WHAT THE TASK REQUIRES
Copy out exactly, from the entries that follow, the line holding "The PediNova Pro", the line holding "採用內部實木板材框架+防潮造", and all lines between them, but no pictures.

EXERCISE INPUTS

————————

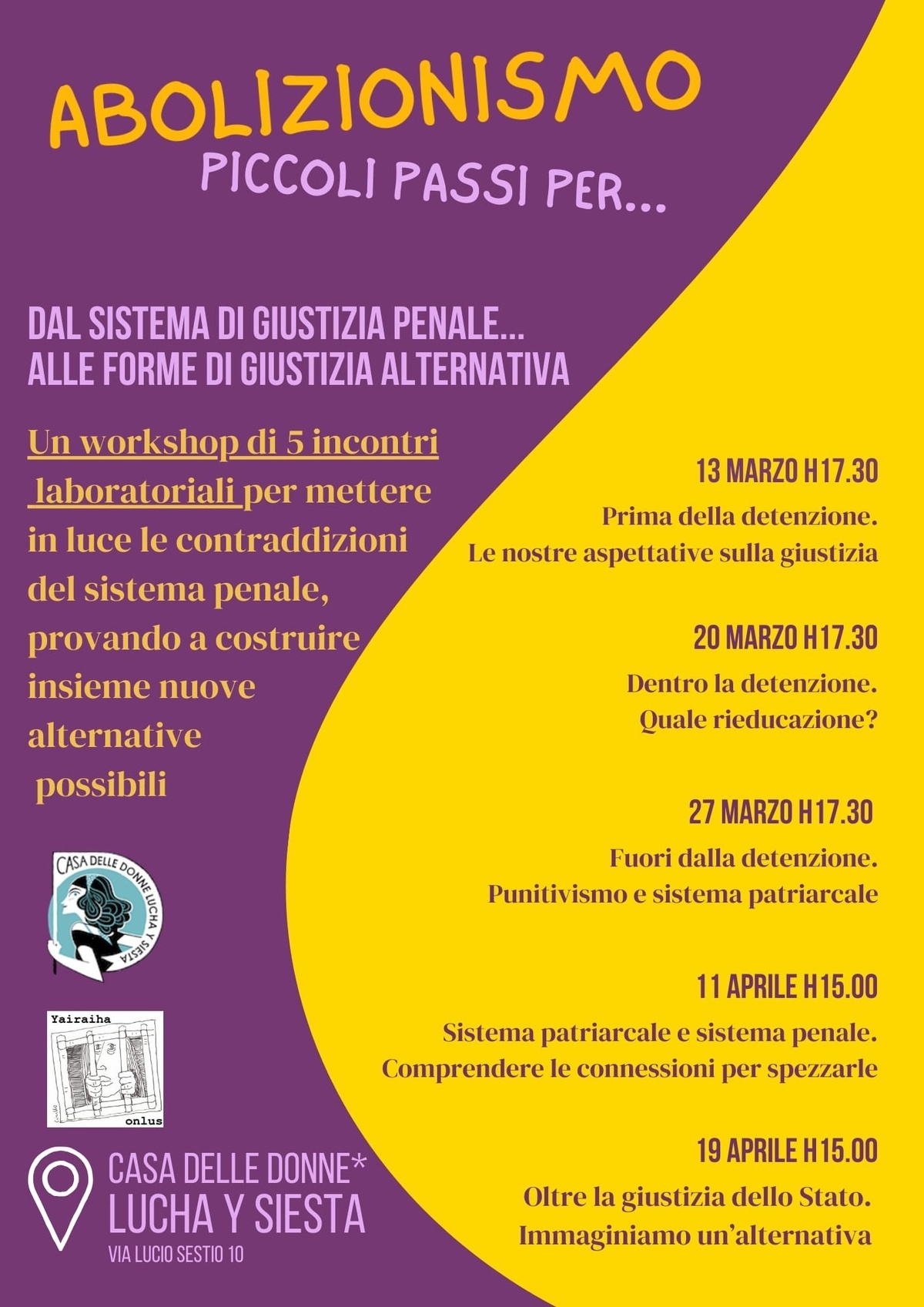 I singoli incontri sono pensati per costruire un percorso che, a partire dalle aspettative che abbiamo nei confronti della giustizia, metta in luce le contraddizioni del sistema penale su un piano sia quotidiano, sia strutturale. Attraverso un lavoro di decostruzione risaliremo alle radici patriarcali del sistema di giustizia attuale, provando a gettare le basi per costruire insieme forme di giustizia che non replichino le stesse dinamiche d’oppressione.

————————

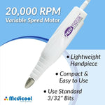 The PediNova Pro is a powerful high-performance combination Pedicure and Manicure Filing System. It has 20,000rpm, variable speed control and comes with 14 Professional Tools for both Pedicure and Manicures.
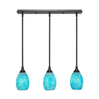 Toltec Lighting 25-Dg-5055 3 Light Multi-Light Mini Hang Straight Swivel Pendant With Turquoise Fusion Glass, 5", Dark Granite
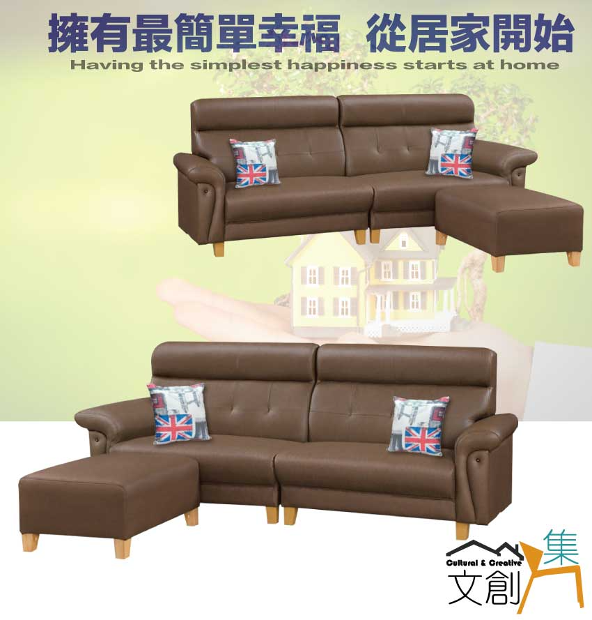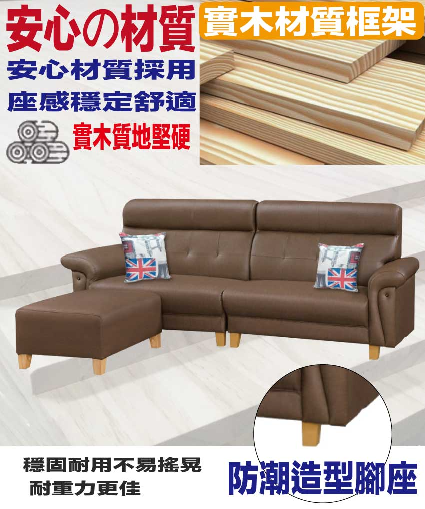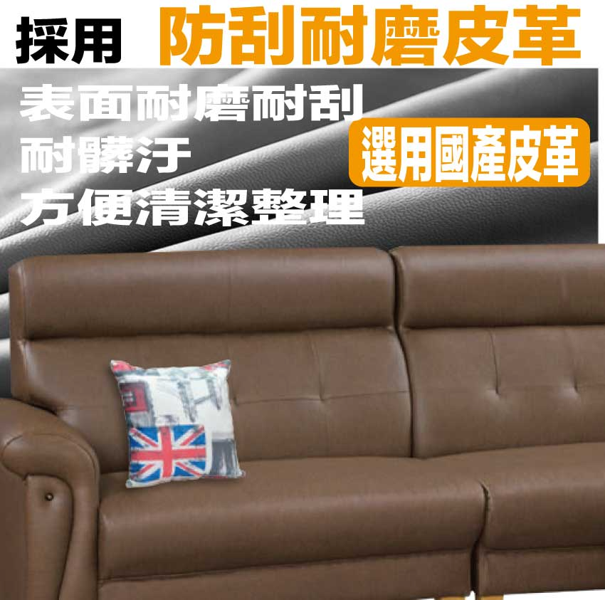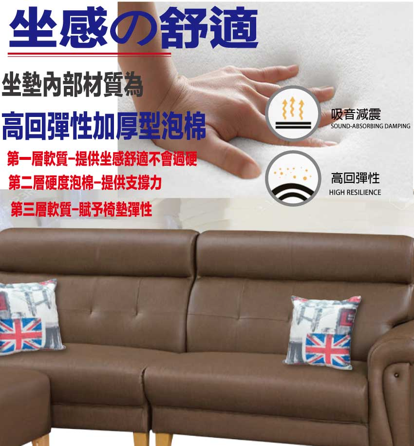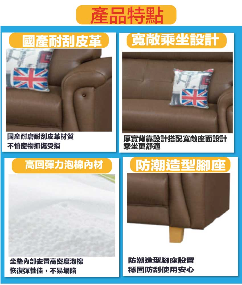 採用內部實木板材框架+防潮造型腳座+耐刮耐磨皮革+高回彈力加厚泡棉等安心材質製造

————————

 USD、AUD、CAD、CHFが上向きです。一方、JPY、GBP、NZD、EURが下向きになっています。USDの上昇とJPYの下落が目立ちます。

————————

OUTPUT OF THE EXERCISE
 The PediNova Pro is a powerful high-performance combination Pedicure and Manicure Filing System. It has 20,000rpm, variable speed control and comes with 14 Professional Tools for both Pedicure and Manicures.
 Toltec Lighting 25-Dg-5055 3 Light Multi-Light Mini Hang Straight Swivel Pendant With Turquoise Fusion Glass, 5", Dark Granite
 採用內部實木板材框架+防潮造型腳座+耐刮耐磨皮革+高回彈力加厚泡棉等安心材質製造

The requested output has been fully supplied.